Tuesday, March 24, 2009

The Birds and the Bees

The excitement of this week came in the form of a swarm from our bee-box. Not the first, but definitely the biggest. I watched them regroup on the usual tree before slapping forehead and running for camera. Hoping for dramatic shots of a swirling cloud, I waited, trigger poised. 20 long minutes later we were treated to a very blustery rainstorm, which failed to shake off the bees but instead encouraged them to cling on for hours whilst they dried out. You may be fascinated to know that during adverse weather conditions, tree-hugging bee swarms form very tight balls and layer their little bodies in a totally uniform direction, rather like furry wing-ed thatch. Clever little B's, aren't they? Anyhow, boredom eventually set in and I was miles from the camera, pinned to the sofa by a demanding cockatoo when they finally decided to take to the air. Cockatoo's are not something you can just fling off and apologise to later, hence the lack of bees-in-action photos.

I have my trustee assistant Jerry installing a shower for the parrots this week.
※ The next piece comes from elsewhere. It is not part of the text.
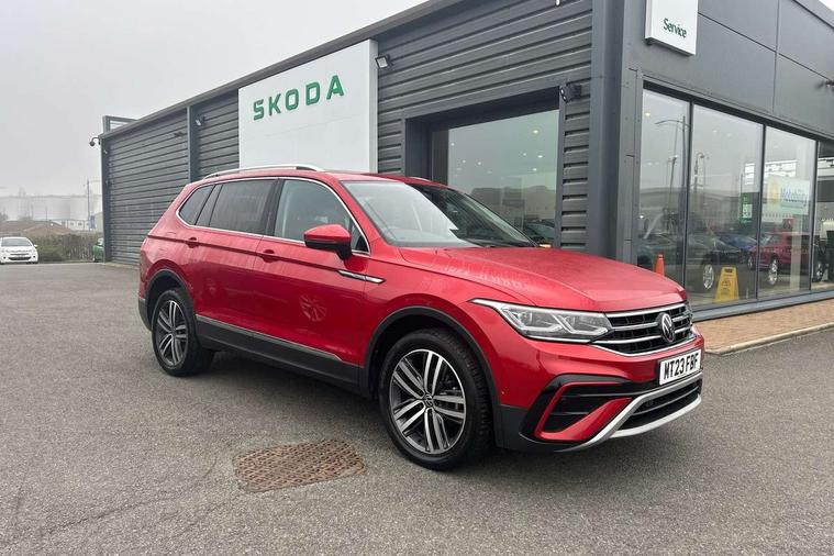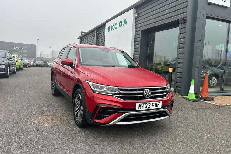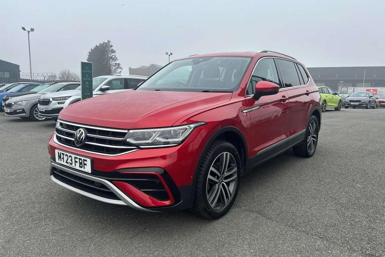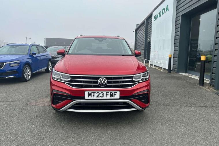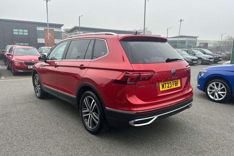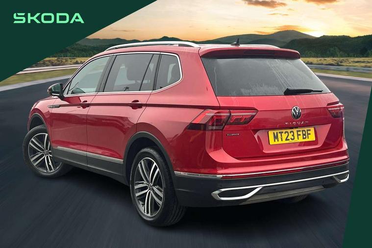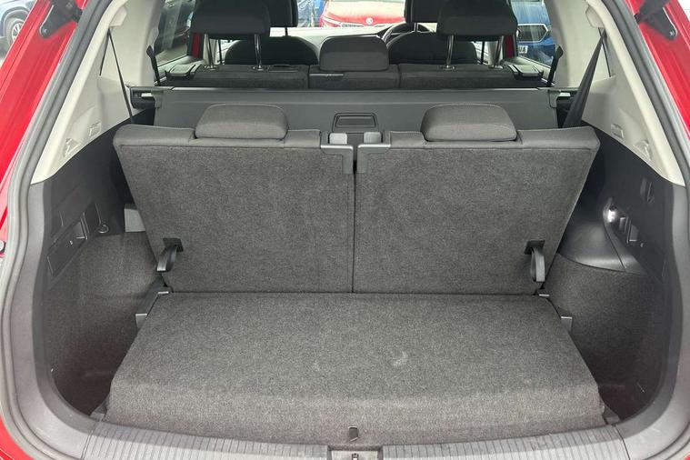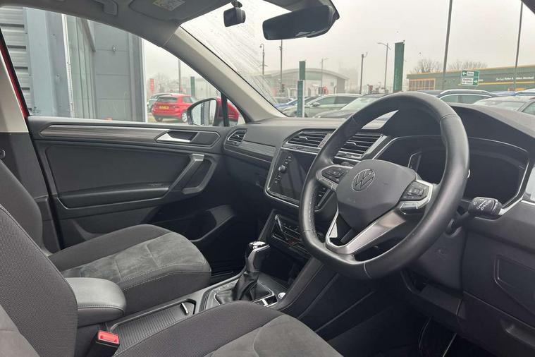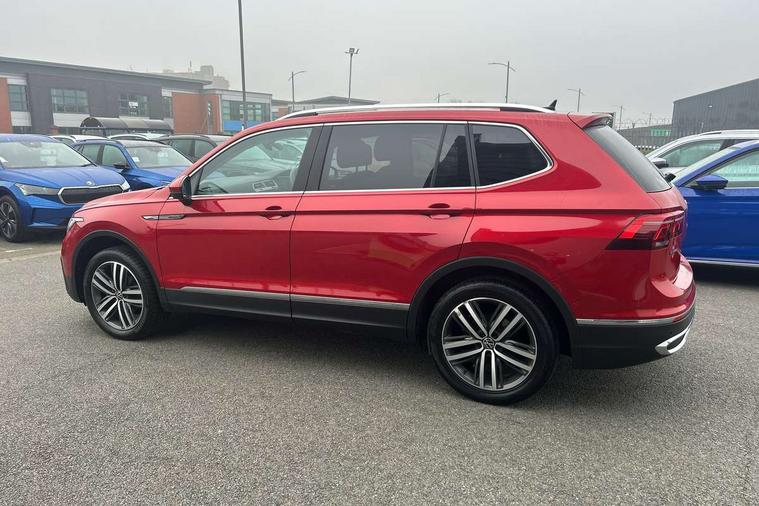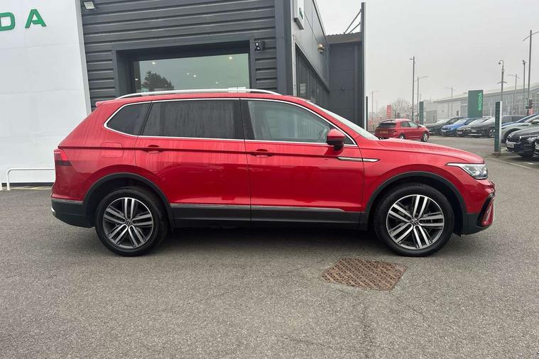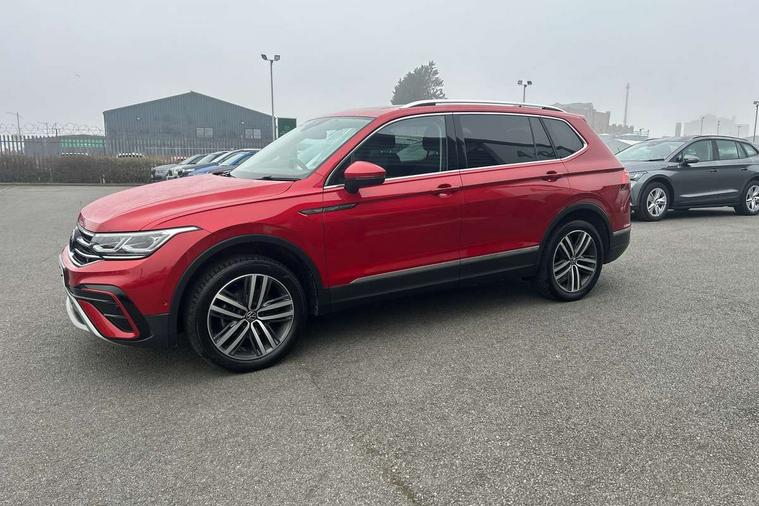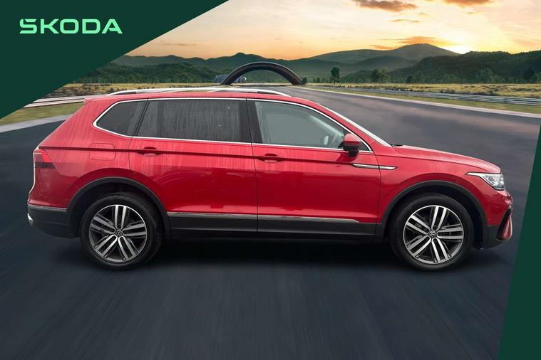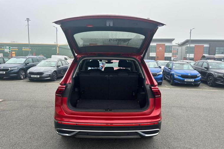 App-Connect, Adaptive cruise control, Digital cockpit pro, Driver alert system, Driver profile selection, Dynamic road sign display, eCall emergency call service, Electric boot lid, Lane change system side assist and rear traffic alert, Lane keeping system Lane Assist, Mobile phone interface comfort with inductive charging feature, Multifunction front facing camera, Power assisted speed sensitive steering, Speedo and rev counter, electronic odometer, trip, service interval display and exterior temperature gauge, Front wheel drive, Start-stop system with battery regeneration (recuperation - energy recovery during braking), 2 USB-C ports in the front, 1 USB-C charging socket on the center console in the rear, 8 speakers, DAB Digital radio, Diversity antenna for FM reception, Auto dimming interior rear view mirror, Automatic headlight control system, Body coloured comfort bumpers, Chrome mouldings on side window, Coming/leaving home lighting function, Exterior badge deletion, Exterior mirror housings painted in silver, Heated windscreen washer jets, Privacy glass, Rain sensor, Rear fog light, Rear side wing doors, Rear wiper, Silver roof rails, Third brake light, Tilting and sliding panoramic sunroof, 12-volt outlet in centre console rear and luggage compartment, 12V socket in centre console, 3 head restraints in rear, 3 individual folding 2nd row seats, 3rd row 2 individual seats, Air Care Climatronic 3 zone automatic climate control with enhanced air filter and controls in the rear, Door and side trim panel, Drawers under front seats, Driver and front passenger seat height adjustment, Foldable front passenger seat backrest, Front + rear carpet mats, Front centre armrest, Front footwell illumination, Heated front seats, Illuminated scuff plates, ISOFIX anchorage points for mounting 2 child seats on rear seats and i-Size child seats, Leather gearshift handle, Leather-wrapped heated multi-function steering wheel with paddle shift, LED interior light with switch off delay/dimmer and 2 front/rear LED reading lights, Sun visors with illuminated vanity mirrors, Ambience pack - Tiguan Allspace, Driver assistance package - Tiguan Allspace, Easy open and close pack with safelock - Tiguan Allspace, 3 point seat belt for centre rear seat, 3 rear three point seatbelts, ABS+EBD+Brake assist, Driver and front passenger safety-optimised head restraints, Driver's and front passenger's airbag with front passenger's airbag deactivation switch, Electronic parking brake, Electronic Stability Control (ESC) inc EDL (Electronic Differential Lock) and ASR (Traction Control), Height adjustable front 3 point seatbelts + pretensioners, Manual rear child locks, Pedestrian monitoring, PreCrash preventive occupant protection Front and rear, Rear disc brakes, Side airbag in front and rear with curtain airbag, Two tone horn, Warning buzzer for seatbelts if unfastened, Anti theft alarm system with interior monitoring, backup horn and towing protection, Anti-theft wheel bolts, Electronic steering lock, Remote central locking with 2 remote folding keys, Chequered flag tinanium decorative inserts,

And when the dry season decides to show it's ugly face, I'm sure they will be very grateful. We have also broken out the fag packet for the design stage of the veloceraptor enclosure (fags are British cigarettes, by the way - always have been, always will be, despite what the New Dictionaries say) We've watched the pertinent bits of Jurassic Park 3 times now and are weighing up the merits of an electric fence -just in case they manage to chew their way through the steel in the night. Speaking of which, if anyone knows the whereabouts of the container with the steel fittings in, could you please alert Builder's Hardware.
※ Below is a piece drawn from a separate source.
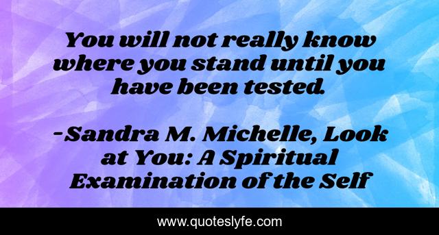 This page presents the quote "You will not really know where you stand until you have been tested.". Author of this quote is Sandra M. Michelle, Look at You: A Spiritual Examination of the Self. This quote is about reflection-on-life, self-realization, self-awareness,.
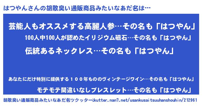 はつやんさんの胡散臭い通販商品みたいなあだ名をツクッター!

This has also been a week of discoveries:
We discovered that Belizeans still like to eat iguana meat, iguana eggs, hickatee, gibnut, deer... all protected, some endangered, some critical. We also discovered that no-one wants to make a fuss about such illegal practices as it is 'part of the culture'. As Jerry says, human sacrifice was part of the Maya culture, but you know, times change, roll with it.
We discovered that the survival rate of newly hatched ducklings by our lake is not good: a clutch of 20 can disappear at the rate of 4 or 5 a day until they are all gone.
We discovered that the Great Blue Heron has a penchant for newly hatched chicks. (repeat after me - all birds have a purpose, no bird is more important than another, every bird has to eat)
We discovered that TACA, our new dog gets lost easily. Those 3 hours were nearly as much fun as watching the chicks being eaten.

Jerry has still not finished construction of his hydroponics. I am writing this in the hopes that he is shamed into a rapid conclusion. I shall keep you posted. Literally.